** Records provided follows **

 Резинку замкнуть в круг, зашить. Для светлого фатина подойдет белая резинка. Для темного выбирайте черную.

** End of Records provided **
** Records provided follows **

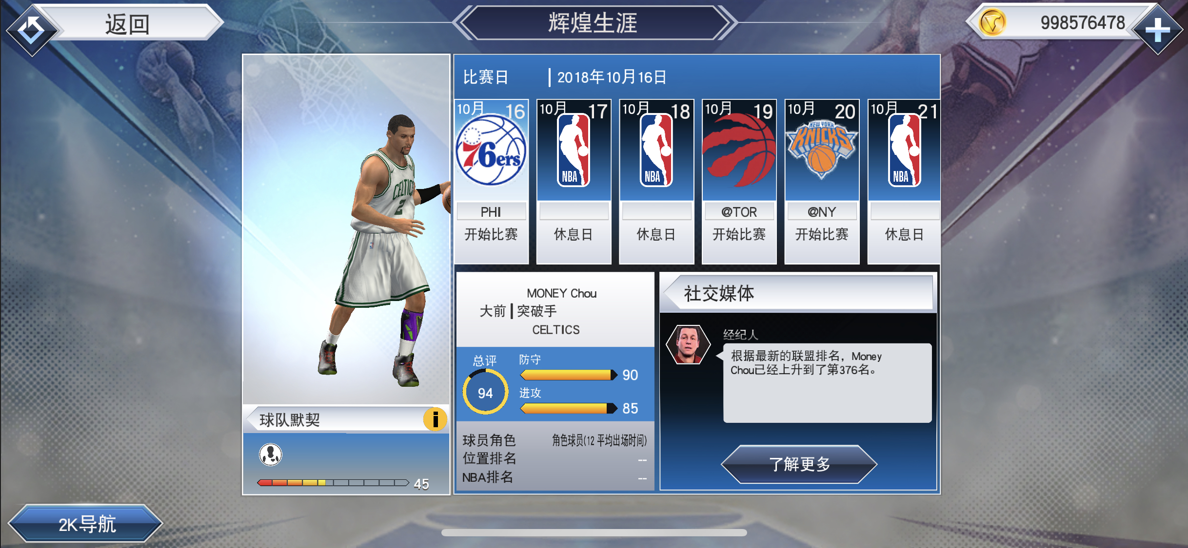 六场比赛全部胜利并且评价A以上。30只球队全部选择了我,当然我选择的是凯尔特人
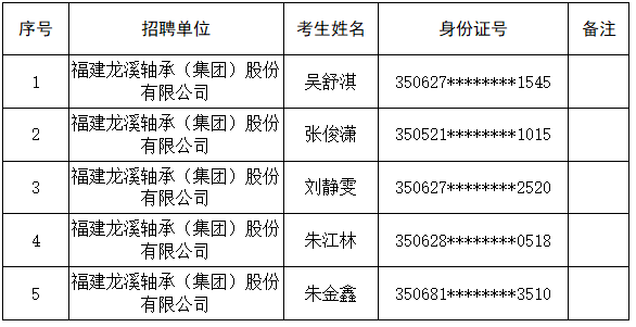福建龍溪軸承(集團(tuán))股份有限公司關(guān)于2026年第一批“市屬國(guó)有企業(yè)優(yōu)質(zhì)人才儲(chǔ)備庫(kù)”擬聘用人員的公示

** End of Records provided **
** Records provided follows **

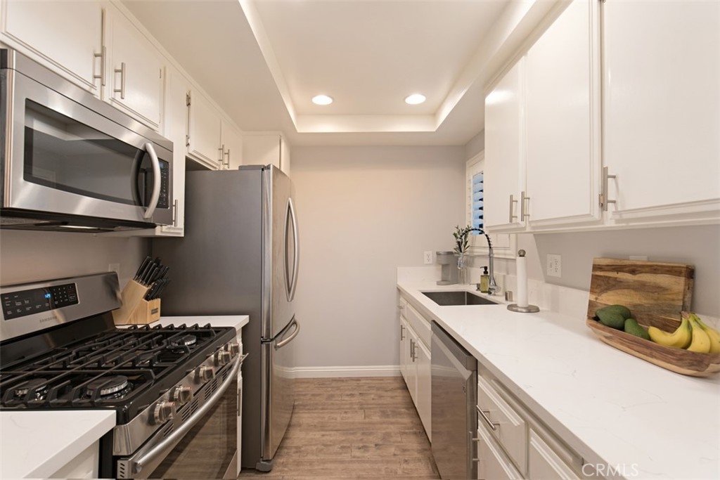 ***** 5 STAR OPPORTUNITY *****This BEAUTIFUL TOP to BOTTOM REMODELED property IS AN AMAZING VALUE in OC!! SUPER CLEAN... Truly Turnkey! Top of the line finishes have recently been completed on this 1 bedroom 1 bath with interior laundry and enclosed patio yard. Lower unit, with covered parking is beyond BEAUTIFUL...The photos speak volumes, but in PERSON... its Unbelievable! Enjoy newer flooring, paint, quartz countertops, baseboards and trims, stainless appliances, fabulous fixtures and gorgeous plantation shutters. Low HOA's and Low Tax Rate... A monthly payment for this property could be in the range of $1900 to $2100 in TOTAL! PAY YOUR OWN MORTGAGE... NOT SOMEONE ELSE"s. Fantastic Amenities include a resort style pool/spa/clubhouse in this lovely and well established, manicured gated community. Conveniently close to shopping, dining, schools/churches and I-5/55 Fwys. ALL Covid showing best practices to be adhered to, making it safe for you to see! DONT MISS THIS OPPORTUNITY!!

** End of Records provided **

** Work order **
Out of the records above, set down only the lines from the one that contains "六场比赛全部胜利并且评价A以上。30只球队全部选择了我,当然我选择的是凯尔特人" through the one that contains "福建龍溪軸承(集團(tuán", unchanged and without the pictures.

** Your solution **
 六场比赛全部胜利并且评价A以上。30只球队全部选择了我,当然我选择的是凯尔特人
福建龍溪軸承(集團(tuán))股份有限公司關(guān)于2026年第一批“市屬國(guó)有企業(yè)優(yōu)質(zhì)人才儲(chǔ)備庫(kù)”擬聘用人員的公示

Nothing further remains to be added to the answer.